** Problem to solve **
Write out the data that follows exactly, keeping every picture out.

_ _ _

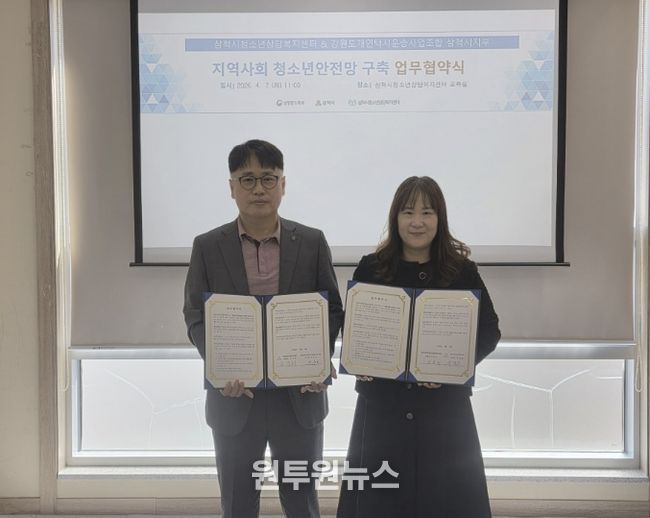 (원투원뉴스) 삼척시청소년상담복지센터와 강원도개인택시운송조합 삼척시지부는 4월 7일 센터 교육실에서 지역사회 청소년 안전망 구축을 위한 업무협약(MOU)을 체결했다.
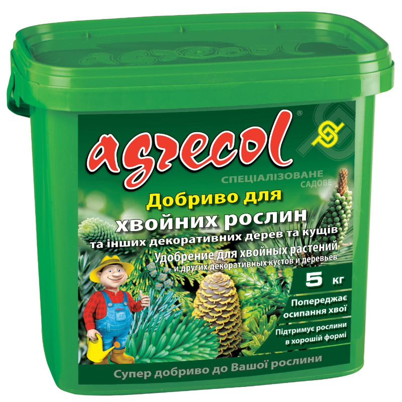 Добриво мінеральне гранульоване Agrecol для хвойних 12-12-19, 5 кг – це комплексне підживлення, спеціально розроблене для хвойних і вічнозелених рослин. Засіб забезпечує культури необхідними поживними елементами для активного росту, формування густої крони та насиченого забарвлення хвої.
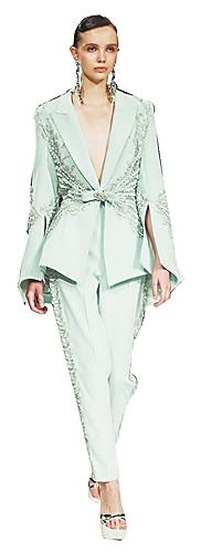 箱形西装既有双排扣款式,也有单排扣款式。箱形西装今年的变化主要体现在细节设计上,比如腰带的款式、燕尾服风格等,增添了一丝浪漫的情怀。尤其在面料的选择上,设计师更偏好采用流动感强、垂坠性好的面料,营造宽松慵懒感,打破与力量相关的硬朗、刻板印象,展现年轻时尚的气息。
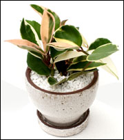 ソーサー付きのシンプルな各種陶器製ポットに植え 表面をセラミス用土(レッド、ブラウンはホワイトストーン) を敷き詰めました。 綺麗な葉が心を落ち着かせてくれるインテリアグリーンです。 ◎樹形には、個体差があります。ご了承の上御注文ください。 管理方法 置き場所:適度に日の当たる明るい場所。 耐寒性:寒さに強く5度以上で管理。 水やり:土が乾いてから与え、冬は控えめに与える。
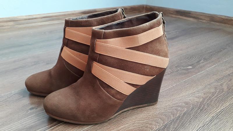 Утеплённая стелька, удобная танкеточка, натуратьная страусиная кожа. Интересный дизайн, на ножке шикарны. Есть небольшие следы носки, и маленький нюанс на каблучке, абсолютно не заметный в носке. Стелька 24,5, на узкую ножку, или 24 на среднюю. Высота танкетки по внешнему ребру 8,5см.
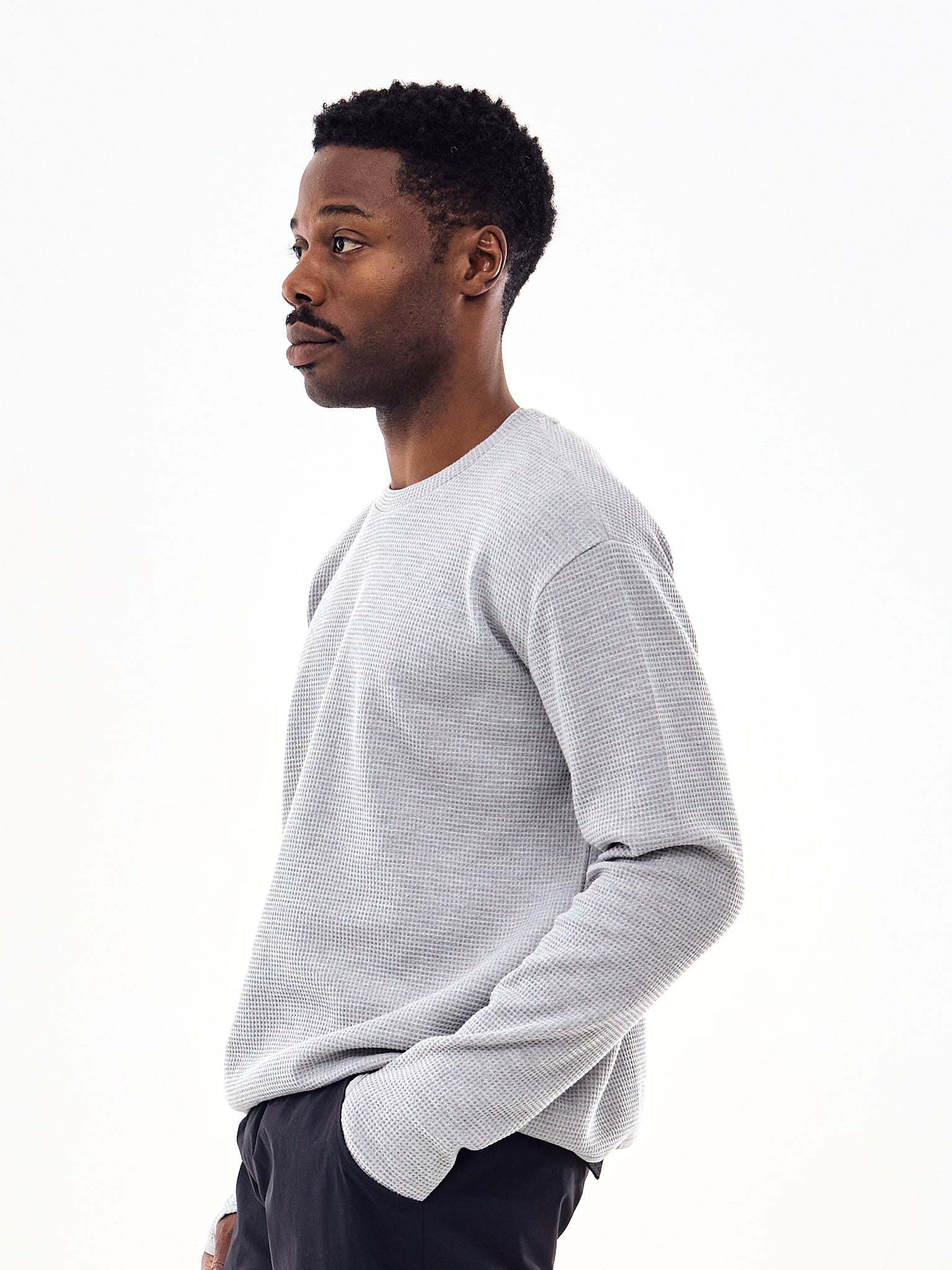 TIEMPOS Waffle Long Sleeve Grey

_ _ _

** Answer for this exercise **
 (원투원뉴스) 삼척시청소년상담복지센터와 강원도개인택시운송조합 삼척시지부는 4월 7일 센터 교육실에서 지역사회 청소년 안전망 구축을 위한 업무협약(MOU)을 체결했다.
 Добриво мінеральне гранульоване Agrecol для хвойних 12-12-19, 5 кг – це комплексне підживлення, спеціально розроблене для хвойних і вічнозелених рослин. Засіб забезпечує культури необхідними поживними елементами для активного росту, формування густої крони та насиченого забарвлення хвої.
 箱形西装既有双排扣款式,也有单排扣款式。箱形西装今年的变化主要体现在细节设计上,比如腰带的款式、燕尾服风格等,增添了一丝浪漫的情怀。尤其在面料的选择上,设计师更偏好采用流动感强、垂坠性好的面料,营造宽松慵懒感,打破与力量相关的硬朗、刻板印象,展现年轻时尚的气息。
 ソーサー付きのシンプルな各種陶器製ポットに植え 表面をセラミス用土(レッド、ブラウンはホワイトストーン) を敷き詰めました。 綺麗な葉が心を落ち着かせてくれるインテリアグリーンです。 ◎樹形には、個体差があります。ご了承の上御注文ください。 管理方法 置き場所:適度に日の当たる明るい場所。 耐寒性:寒さに強く5度以上で管理。 水やり:土が乾いてから与え、冬は控えめに与える。
 Утеплённая стелька, удобная танкеточка, натуратьная страусиная кожа. Интересный дизайн, на ножке шикарны. Есть небольшие следы носки, и маленький нюанс на каблучке, абсолютно не заметный в носке. Стелька 24,5, на узкую ножку, или 24 на среднюю. Высота танкетки по внешнему ребру 8,5см.
 TIEMPOS Waffle Long Sleeve Grey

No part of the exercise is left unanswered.